Given node \(u\), we want to learn feature representations that are predictive of the nodes in its random walk neighborhood \(N_R(u)\).

3.3 Random Walk Optimization

  • Step 1 : Run short fixed-length random walks starting from each node \(u\) in the graph using some random walk strategy \(R\)

  • Step 2 : For each node \(u\) collect \(N_R(u)\), the multi-set (\(N_R(u)\) can have repeat elements since nodes can be visited multiple times on random walks) of nodes visited on random walks starting from \(u\)

  • Step 3 : Optimize embeddings according to: Given node \(u\), predict its neighbors \(N_R(u)\).

Maximum likelihood objective:

\[\max _{f} \sum_{u \in V} \log \mathrm{P} \left(N_{\mathrm{R}}(u) \mid \mathbf{z}_{u} \right) \]

or equivalently,

\[\mathcal{L} = \sum_{u \in V} \sum_{v \in N_{R}(u)}-\log \left(P\left(v \mid \mathbf{z}_{u}\right)\right) \]

Intuition : Optimize embeddings \(\boldsymbol{z}_u\) to maximize the likelihood of random walk co-occurrences.

Parameterize \(\mathrm{P}(v|\boldsymbol{z}_u)\) using softmax:

\[\Pr \left(v \mid \mathbf{z}_{u}\right) = \frac{\exp (\mathbf{z}_{u}^{\top} \mathbf{z}_{v})}{ \sum \limits_{n \in V} \exp (\mathbf{z}_{u}^{\top} \mathbf{z}_{n})} \]

Why softmax: We want node \(v\) to be most similar to node \(u\) (out of all nodes \(n\)). Intuition: \(\sum \limits_i \exp(x_i) \approx \max \limits_i \exp(x_i)\)

Putting it all together:

\[\mathcal{L} = \sum_{u \in V} \sum_{v \in N_{R}(u)} - \log \left[ \frac{\exp (\mathbf{z}_{u}^{\top} \mathbf{z}_{v})}{ \sum \limits_{n \in V} \exp (\mathbf{z}_{u}^{\top} \mathbf{z}_{n}) } \right] \]

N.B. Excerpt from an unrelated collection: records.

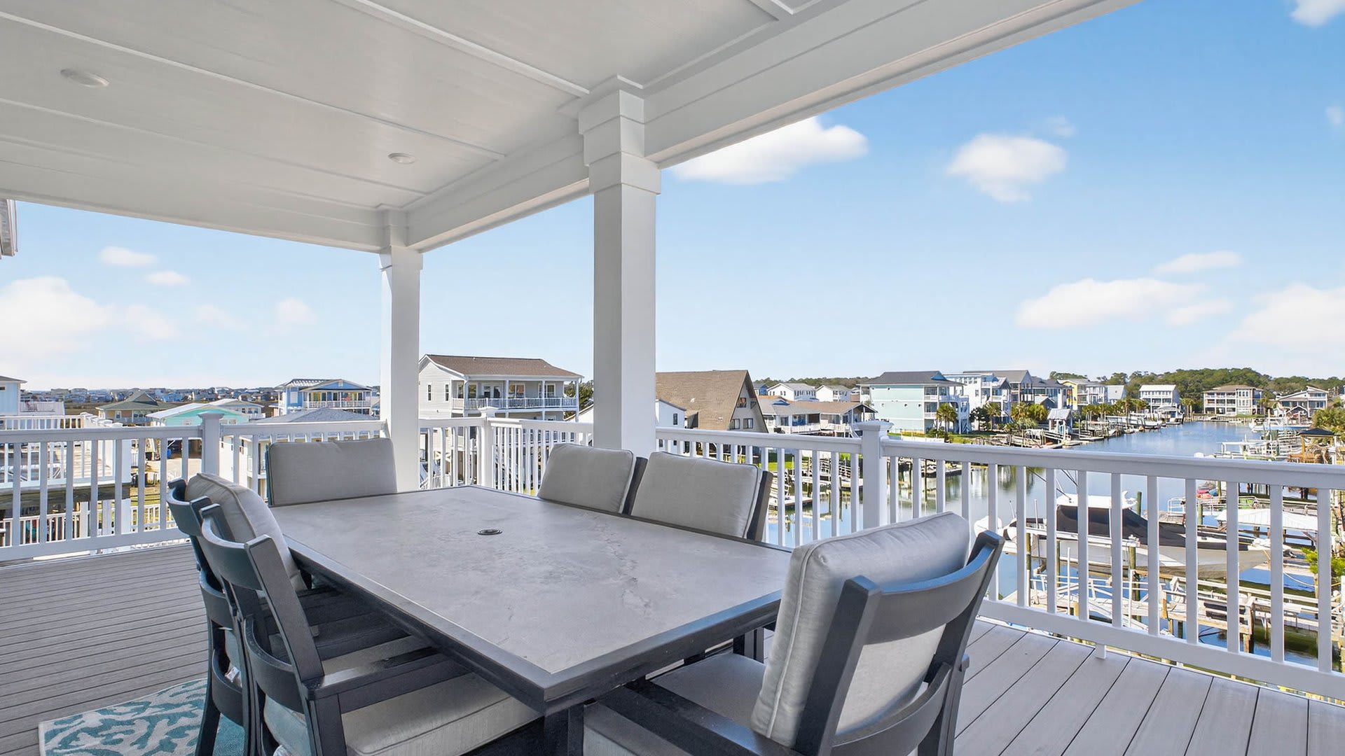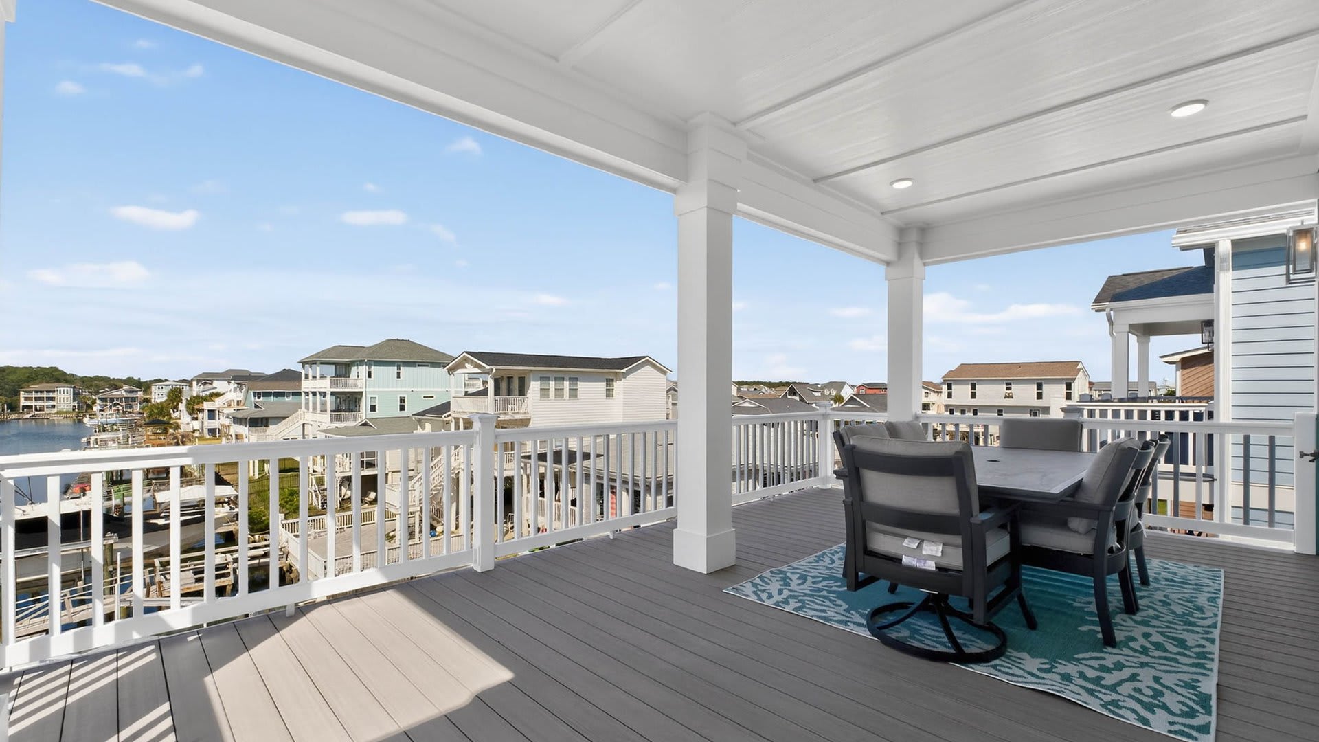 Multiple porches with ocean and canal views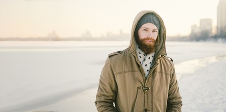 Close-up Caucasian young male red hair and beard in a hat and a park coat posing winter model against a background of a lake to freeze snow.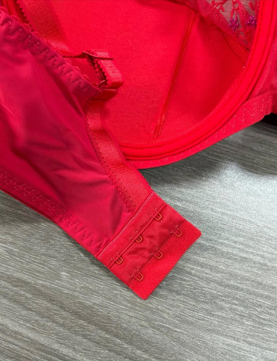Яркий красный бюстгальтер VIOLA 1109 от бренда Valmira - оптимальное сочетание удобства и высокого латвийского качества для женщин с пышной грудью. Выполнен из красивой цветочной вышивки с вкраплениями цвета фуксии и гладкой микрофибры. Нижняя деталь чашечек изнутри представляет собой сочетание упругого поролона и нежного хлопка. Конструкция поддерживает и приподнимает бюст, сохраняя при этом его естественную красивую форму и придает привлекательность женскому декольте.

  • where \(\mathrm{P} (v \mid \mathbf{z}_{u}) = \frac{\exp (\mathbf{z}_{u}^{\top} \mathbf{z}_{v})}{ \sum_{n \in V} \exp(\mathbf{z}_{u}^{\top} \mathbf{z}_{n})}\) is the predicted probability of \(v\) co-occuring on random walk

  • \(\sum \limits_{v \in N_{R}(u)}\) sum over nodes \(v\) seen on random walks starting from \(u\)

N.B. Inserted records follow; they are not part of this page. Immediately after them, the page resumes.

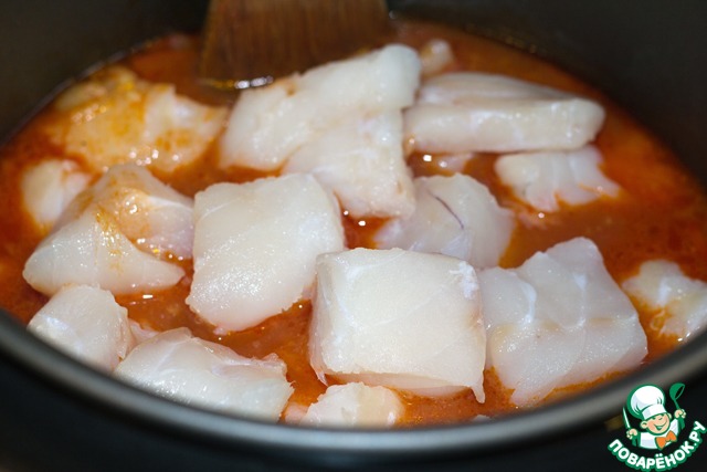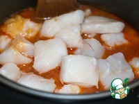 Добавить крупно нарезанное филе трески. Готовить до окончания программного времени. |
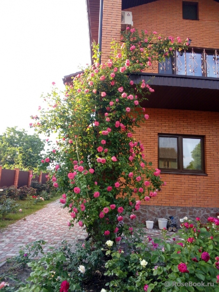 Цветки насыщенно-розовые, диаметром 8-10 см, махровые, по форме похожи на чайно-гибридные, устойчивые к дождю. Аромат нежный. Кусты сильные, пышные, высокоустойчивые к болезням.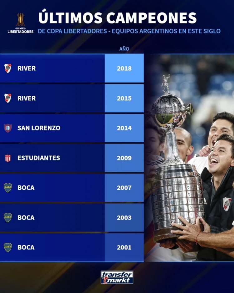 自本世纪以来,阿根廷球队在南美解放者杯的表现并不理想,仅有博卡青年、拉普拉塔大学生、圣洛伦索和河床四个球队曾获得冠军。这其中,河床在2018年取得了最后一次的胜利。博卡青年则在2023年重回决赛舞台,却未能再度捧杯。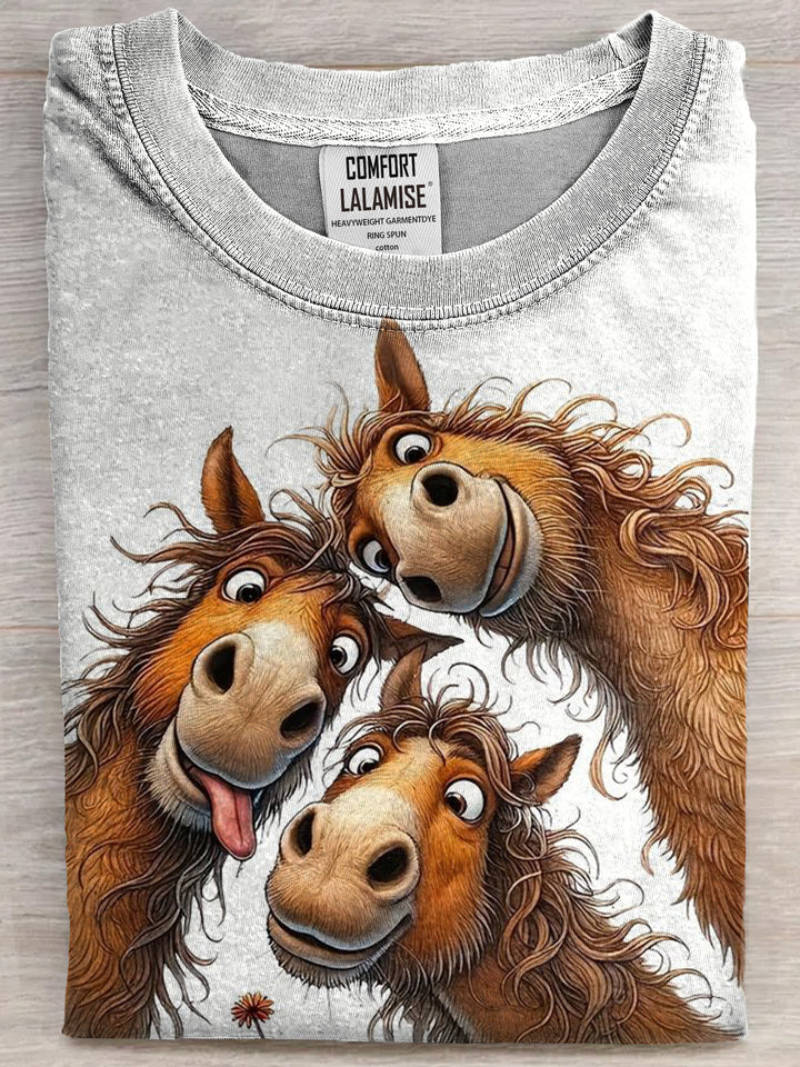 Retro Funny Horses Art Print Casual Short Sleeve T-shirt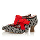 Popular hi-cut court shoe WILLOW's bold red and black polka dot velvet uppers, trimmed with a sweet red scallop edging, feature statement velvet ribbon ankle ties. Red and black satin polka-dot linings complete the retro look. WILLOW matches perfectly to Ruby Shoo bag style ALBERTA.

  • \(\sum \limits_{u \in V}\) sum over all nodes \(u \in V\)

\[\text{Optimizing random walk embeddings} = \text{Finding embeddings $\boldsymbol{z}_u$ that minimize $\mathcal{L}$} \]

Doing this naively is too expensive: nested sum over nodes gives \(\mathcal{O}(|V|^2)\) complexity.

3.4 Negative Sampling

The normalization term \(\sum_{n \in V} \exp (\mathbf{z}_{u}^{\top} \mathbf{z}_{n})\) from the softmax is the culprit ... can we approximate it?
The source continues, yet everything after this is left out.